©katerina marchenko
 
 
 
 
 
 
 

Bênção

 

 

Hoje uma luz nova pareceu cobrir os mirantes da cidade

e acentuar o brilho acinzentado da baía de São Marcos,

despertar gemidos de dor e luxúria entre buzinas de ônibus,

interjeições do vendedor de frutas — ombro pejado de açúcares

passo de equilibrista sobre o fio de outra manhã,

misericórdia visível nas folhas de amendoeira avermelhando o caminho.

 

 

 

 

 

 

Teus passos

 

 

Quando a tarde cai, teus passos rompem

a quietude fria do meu peito,

és promessa de luz que me ampara

à beira do devir — cercado de bromélias e de espanto.

O rodar da chave na porta, a casa reabitada por tua presença

traz-me o verso inconcluso à tona das frases,

tinge de ouro e púrpura o silêncio.

 

 

 

 

 

 

Cicatriz

 

 

O amor se partiu em lascas de sílex

dor primitiva que ainda ecoa pela web

cegueira insana, rota possibilidade de alegria

cacos de vidro espalhados, restos de luz que se apagam.

Contigo fundaria um reino onde a noite jamais nos alcançasse,

e a vida se regozijasse em nunca envelhecer.

 

 

 

 

 

 

Filogenia

 

 

Vestígio de avós, enigma de renda

colares de contas, bilros, bordados

mar que se cruza, adivinhação.

Não sei fazer doce de espécie

pago impostos, reclamo direitos

não nasci em Itabira, mas luto com palavras

não tive ouro, não tive gado, não tive fazendas

e, vez por outra, preciso ser dura, de mármore

sensível ao mais ingênuo risco.

 

 

 

 

 

 

Amanhecer

 

 

Quando despertas, todas as formas vivas abrem à manhã o quarto frio

peixes se movem no fundo oceanário dos meus olhos

o dia invade o espelho, refletindo flores e sementes

palavras trespassam a dor, unguento milagroso

louça antiga amparada antes de espatifar-se

seda de raro fulgor, teia translúcida e tenaz.

 

 

 

 

 

 

Degelo

 

 

Assim decifram-se palimpsestos

enquanto decifro enigmas abarrotados de frases.

Crispa-se a pele ao frêmito da luz em pleno corpo

reconhecendo vestígios que o esquecimento baniu,

transmuda-se em verso claro a noite ensandecida.

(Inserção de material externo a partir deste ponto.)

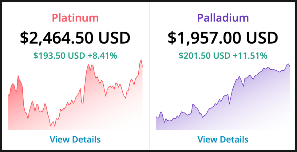 백금과 팔라듐 역시 하루에 각각 8% 이상 급등하며 강세를 보였습니다.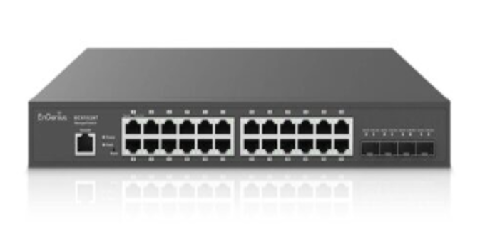 Bộ chuyển mạch kèm phụ kiện Engenius ECS1528T có thiết kế 24 cổng Gigabit và 4 cổng uplink SFP+ đáng tin cậy và dễ quản lý, cung cấp kết nối tốc độ cao cho các thiết bị mạng của doanh nghiệp.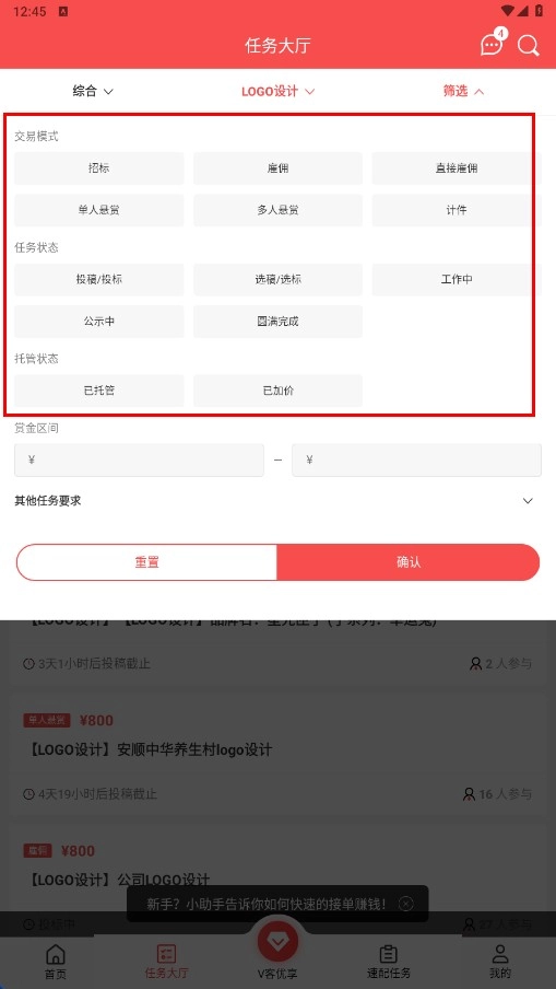 可以借助筛选功能,对任务进行筛选时,可选择交易模式、任务状态、托管状态以及赏金区间等条件。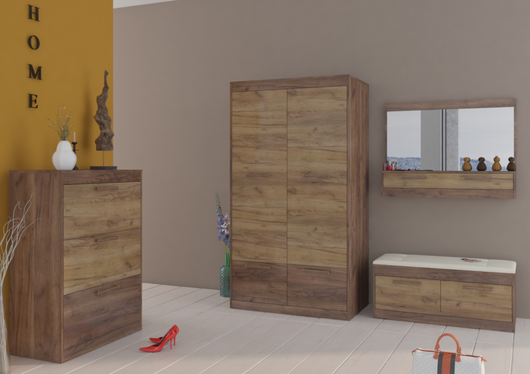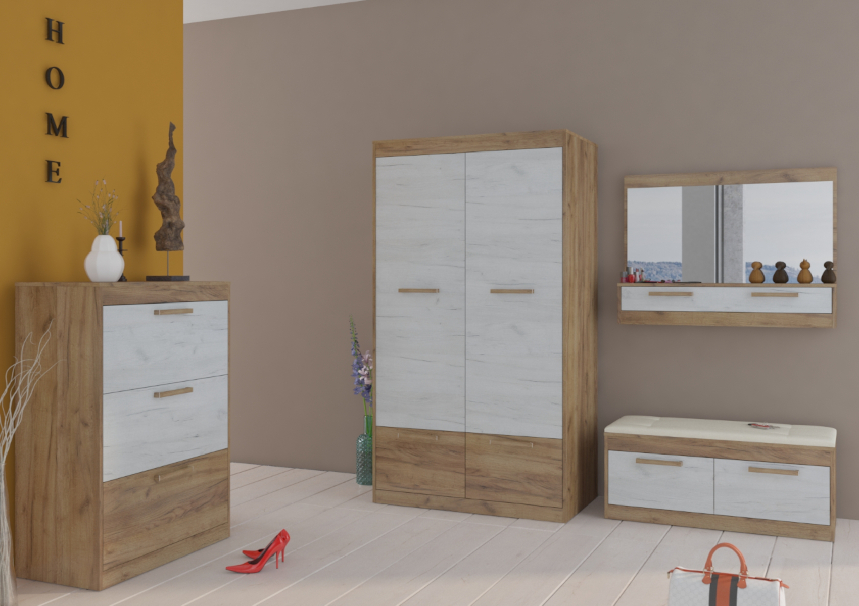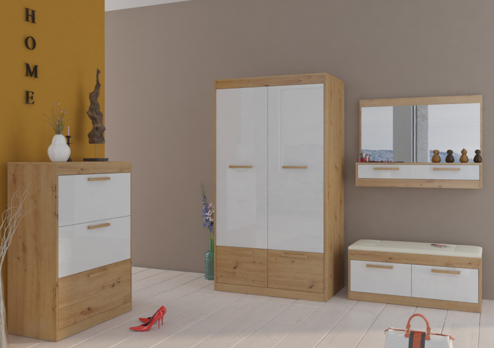 Předsíň Maximus 15 se hodí zejména do moderně zařízených interiérů. LTD materiál, o šířce 16 mm a 25 mm, ze kterého se nábytek skládá, zajišťuje vysokou a špičkovou kvalitu. Desky mají ABS hranění, které zvyšuje odolnost proti odštípnutí hran. Dvířka i zásuvky jsou vybaveny systémem tichého dovírání. Předsíň si můžete vybrat z několika barevných variant. Zajímavý design barev dodává stěně ještě více na luxusu a nadčasovosti.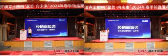 經銷商代表發言環節更是亮點紛呈。西安運營中心的曾憲柱與平輿縣彩霞燈飾的王彩霞分享了各自與澳克士照明合作的成功經驗,他們的話語中流露出對澳克士品牌深厚的信任和無限的期待。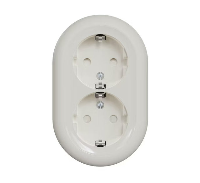Renova pinta-asennettava 2-pistorasia. Renova pinta-asennuskalusteiden klassinen retro tyyli sopii erityisesti vanhan tyyliseen sisustukseen.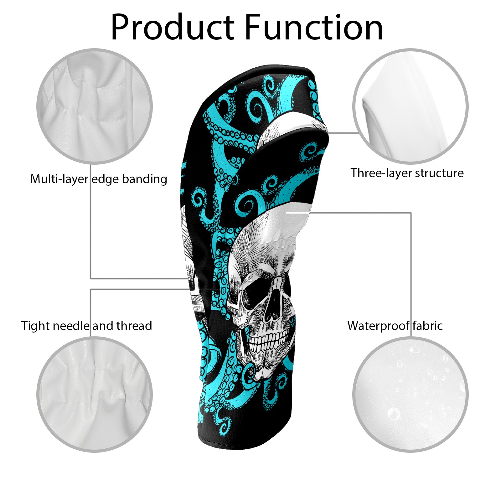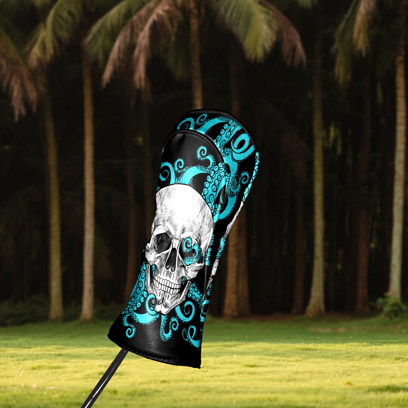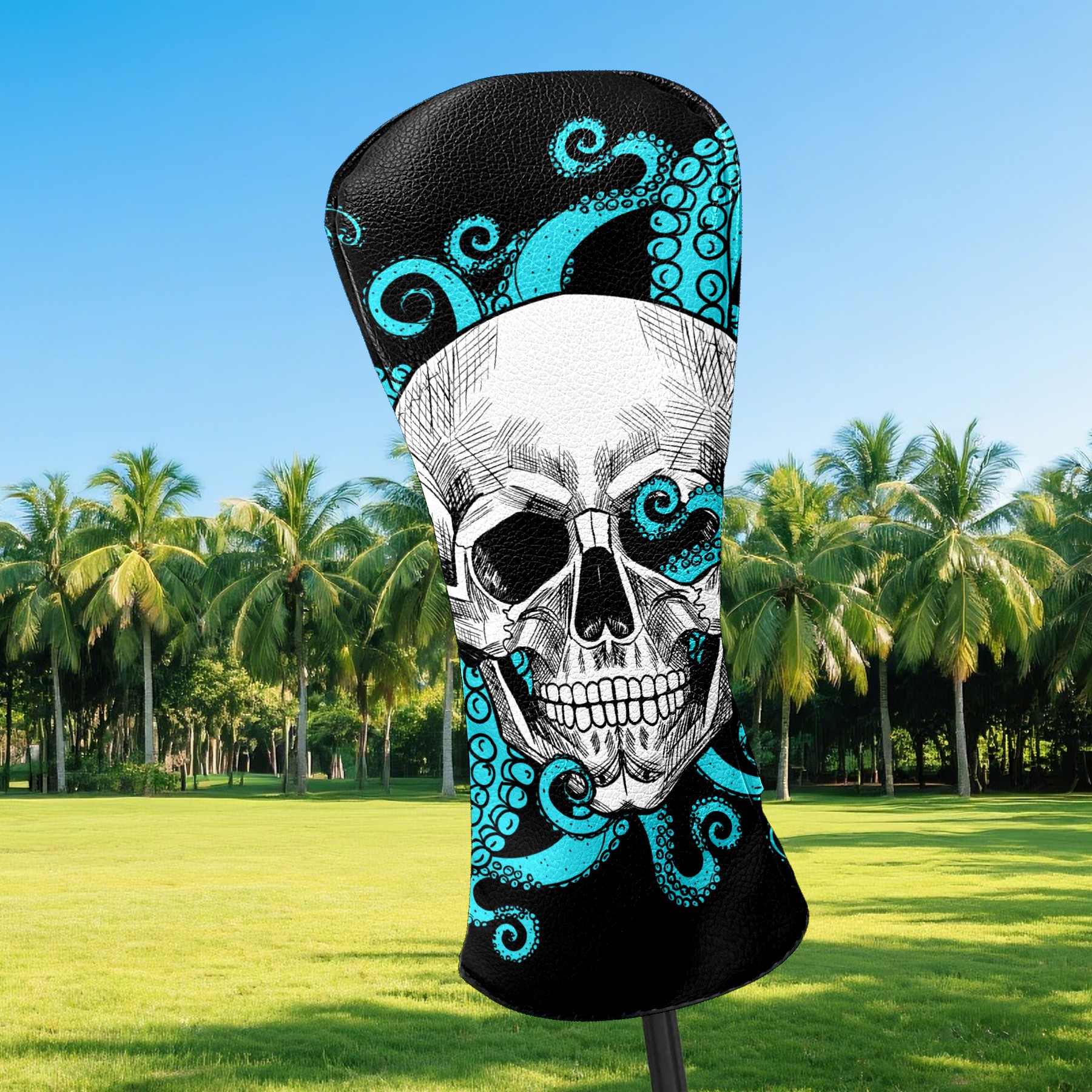 Black Golf Club Head Cover Golf Accessories Head Covers Set For Driver & Fairway Woods Skull With Octopus Black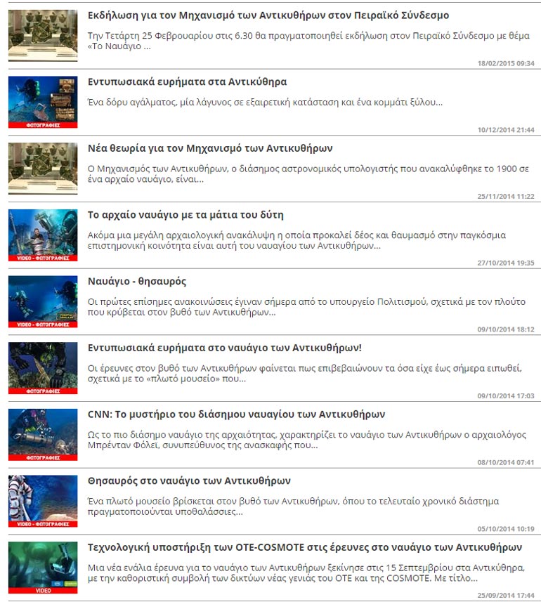 Η Εφορεία Εναλίων Αρχαιοτήτων, υποστηριζόμενη από το Αμερικάνικο Ωκεανογραφικό Ινστιτούτο Woods Hole, ολοκλήρωσε την ψηφιακή υποβρύχια αποτύπωση και τρισδιάστατη απεικόνιση ακριβείας στην περιοχή του Ναυαγίου των Αντικυθήρων στο διάστημα από τις 9 μέχρι τις 16 Ιουνίου. Στην περυσινή αντίστοιχη αποτύπωση είχε καταγραφεί η περιοχή της θέσης του ναυαγίου απ’ όπου ανελκύστηκαν το 1900 τα περίφημα γλυπτά και ο Μηχανισμός των Αντικυθήρων (70 x 30 μ. περίπου).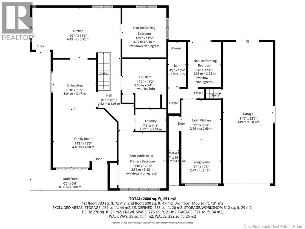 Available immediately! Home with a view and room for everyone. Located on a corner lot in Dalhousie with two driveways, this property offers a beautiful view of the Restigouche River & Mountains in the distance. The home features a private entrance to a self-contained living space renovated in 2025, not recognized as a legal unit (buyer to verify), currently set up as an in-law suite with kitchen/living area, bathroom with shower, ceiling-mounted heat pump, and a non-conforming bedroom (window non-egress). The main house offers one-level living with a renovated kitchen (approx. 2021) with built-in appliances and heat pump (approx. 2017), large family room, full bath with jet tub, laundry area, and two non-conforming bedrooms (windows non-egress). Lower levels includes office, additional room, storage, and ½ bath- all with low ceiling height. A few steps down is a rec room with high ceiling, extra room, crawl space, and door to 2 large unfinished storage areas with stairs to attached garage and exterior door to back deck. Roof shingles approx. 2009. NB Power rented hot water tank (2023). Inclusions: built-in appliances, 2 fridges, washer, dryer. Come see the potential and layout, Call your REALTOR® today! (id:34572)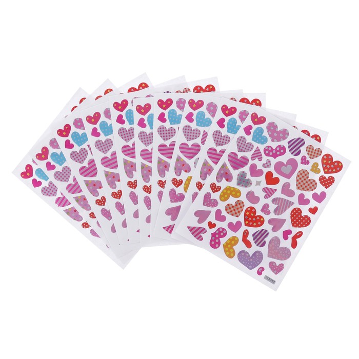 Наклейка бумага "Сердечки" (набор 10 шт) 12,5х9,5 см
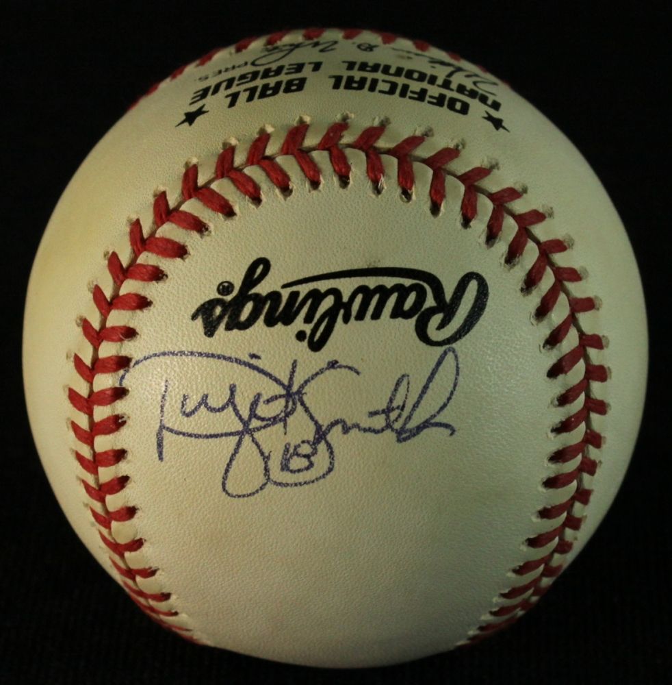 Official National League Baseball hand-signed in blue ink by Dwight Smith (Cubs, Braves). Autograph includes a Global Authentics COA for authenticity purposes.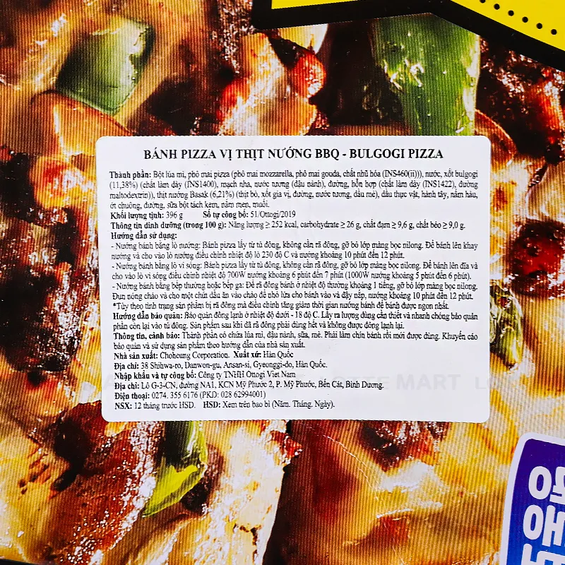 Thành phần: Bột mì, phô mai pizza (phô mai mozzarella, phô mai gouda, chất độn, nước, sốt bulgogi, siro maltose, nước tương, đương, thịt nướng Basak, dầu thực vật,...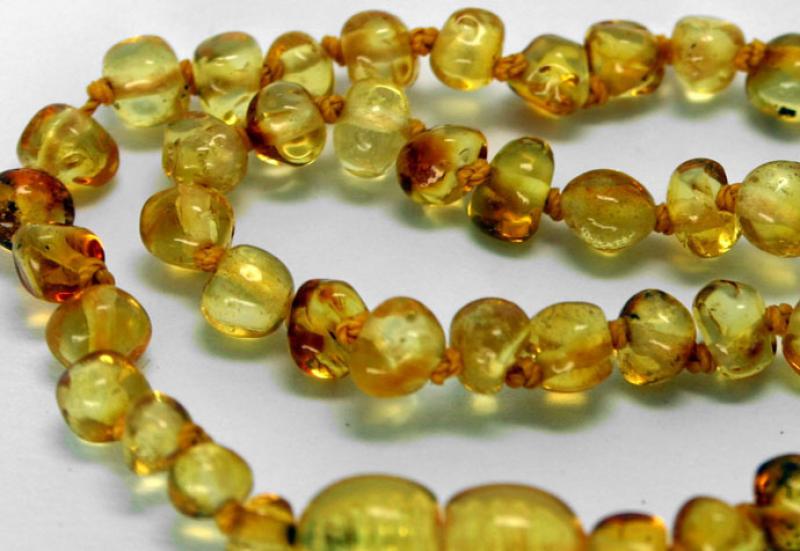 Genuine Baltic amber teething necklaces are a traditional European remedy for baby teething, which have been used for centuries. A natural analgesic, amber will help to calm baby without the use of over-the-counter drugs and remedies. Wearing the Baltic amber close to the skin, allows the release of natural healing oils from the fossilised tree resin to help infants stay calm and more relaxed during teething.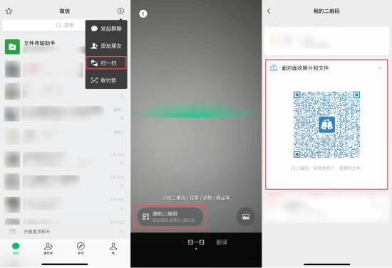 对于“面对面收照片和文件”功能,用户可以在微信首页点击右上角的「+」再点击「扫一扫」,然后依次点击「我的二维码-面对面收照片和文件」,此时对方扫描二维码即可发送相关文件。

Pego-me escolhendo sedas, berloques, estamparias

com a alegria que arde nas tangerinas maduras.

 

 

 

 

 

 

Sobrado da Rua do Trapiche

 

 

Nem o musgo é capaz de trespassar a angústia

que os cômodos vazios exalam

ou mesmo as roupas penduradas na sacada

disputando luz com insetos e lamúrias.

Ali as horas se encantam em fermentar o ócio

de tudo o que se move e ainda pulsa.

A vida só espera um pouco

nos meninos que soltam papagaios.

 

 

dezembro, 2017

 

 

Lenita Estrela de Sá nasceu em São Luís do Maranhão. Graduada em Letras e Direito, tem 13 livros publicados (alguns, de forma independente e outros, como parte de premiações literárias). Seu último livro, um volume de poesia intitulado Antídoto (7Letras), conta com a apresentação do poeta Salgado Maranhão. Tem poemas publicados nas revistas literárias "O Casulo" (São Paulo: Patuá, 2017) e "Gente de Palavra" (Rio Grande do Sul, 2017); e conto, na revista portuguesa "InComunidade" (2017, n. 62). Incluída por Rubens Jardim na série "As Mulheres Poetas" (São Paulo, 2016). É citada por Nely Novaes Coelho no Dicionário de Escritoras Brasileiras (São Paulo: Escrituras, 2002). Mantém o site literário www.estreladesa.com.br.